Beginning with the line below that contains "こんばんは🖐️ 暖かくなったり寒くなったりで、春が行ったり来たりの毎日。 🏷️みちのすけさんのにゃんにゃん祭り参加します。" and ending with the line that contains "Un incendiu de", retype every line exactly. Pictures are not copied.

The input:
# # #
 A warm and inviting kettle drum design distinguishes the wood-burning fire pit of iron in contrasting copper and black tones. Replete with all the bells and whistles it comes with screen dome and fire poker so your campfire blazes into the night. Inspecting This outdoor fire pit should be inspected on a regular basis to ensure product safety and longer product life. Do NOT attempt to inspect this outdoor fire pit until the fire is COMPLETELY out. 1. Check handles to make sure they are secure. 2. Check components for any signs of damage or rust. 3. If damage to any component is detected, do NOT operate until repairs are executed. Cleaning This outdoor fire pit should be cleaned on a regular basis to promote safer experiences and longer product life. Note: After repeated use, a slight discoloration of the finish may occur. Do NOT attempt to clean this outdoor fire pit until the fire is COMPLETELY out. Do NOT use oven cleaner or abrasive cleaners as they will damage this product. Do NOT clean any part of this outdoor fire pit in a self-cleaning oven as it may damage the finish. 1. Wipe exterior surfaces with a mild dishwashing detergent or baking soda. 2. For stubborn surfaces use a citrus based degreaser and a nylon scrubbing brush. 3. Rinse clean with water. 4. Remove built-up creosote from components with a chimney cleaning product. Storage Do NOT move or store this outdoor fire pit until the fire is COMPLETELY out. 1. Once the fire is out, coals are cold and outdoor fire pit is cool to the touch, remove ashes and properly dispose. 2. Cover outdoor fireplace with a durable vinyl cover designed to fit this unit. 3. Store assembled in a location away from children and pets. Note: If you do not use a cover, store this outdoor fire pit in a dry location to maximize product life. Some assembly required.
# # #
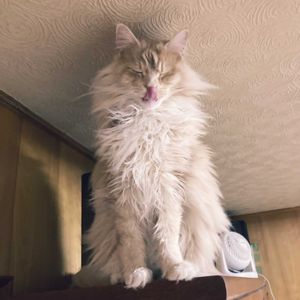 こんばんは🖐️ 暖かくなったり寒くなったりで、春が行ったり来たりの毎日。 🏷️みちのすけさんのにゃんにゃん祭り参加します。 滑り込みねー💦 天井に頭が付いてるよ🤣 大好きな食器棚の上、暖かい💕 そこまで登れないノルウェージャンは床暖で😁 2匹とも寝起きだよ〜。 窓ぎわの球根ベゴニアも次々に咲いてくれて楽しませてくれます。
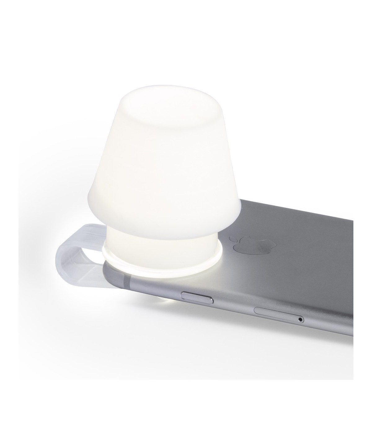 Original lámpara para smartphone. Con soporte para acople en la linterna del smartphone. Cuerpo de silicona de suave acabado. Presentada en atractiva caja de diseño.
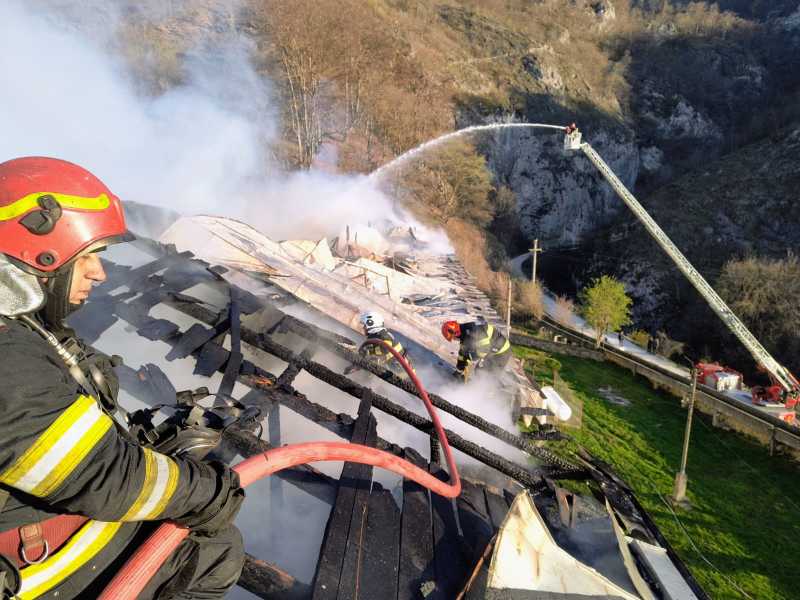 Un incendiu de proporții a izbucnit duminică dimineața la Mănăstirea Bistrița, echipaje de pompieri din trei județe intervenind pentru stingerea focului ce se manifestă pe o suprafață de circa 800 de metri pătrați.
# # #
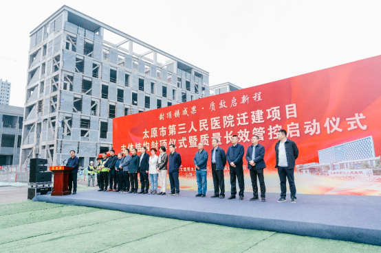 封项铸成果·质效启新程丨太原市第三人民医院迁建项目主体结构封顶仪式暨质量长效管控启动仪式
# # #
Response area:
 こんばんは🖐️ 暖かくなったり寒くなったりで、春が行ったり来たりの毎日。 🏷️みちのすけさんのにゃんにゃん祭り参加します。 滑り込みねー💦 天井に頭が付いてるよ🤣 大好きな食器棚の上、暖かい💕 そこまで登れないノルウェージャンは床暖で😁 2匹とも寝起きだよ〜。 窓ぎわの球根ベゴニアも次々に咲いてくれて楽しませてくれます。
 Original lámpara para smartphone. Con soporte para acople en la linterna del smartphone. Cuerpo de silicona de suave acabado. Presentada en atractiva caja de diseño.
 Un incendiu de proporții a izbucnit duminică dimineața la Mănăstirea Bistrița, echipaje de pompieri din trei județe intervenind pentru stingerea focului ce se manifestă pe o suprafață de circa 800 de metri pătrați.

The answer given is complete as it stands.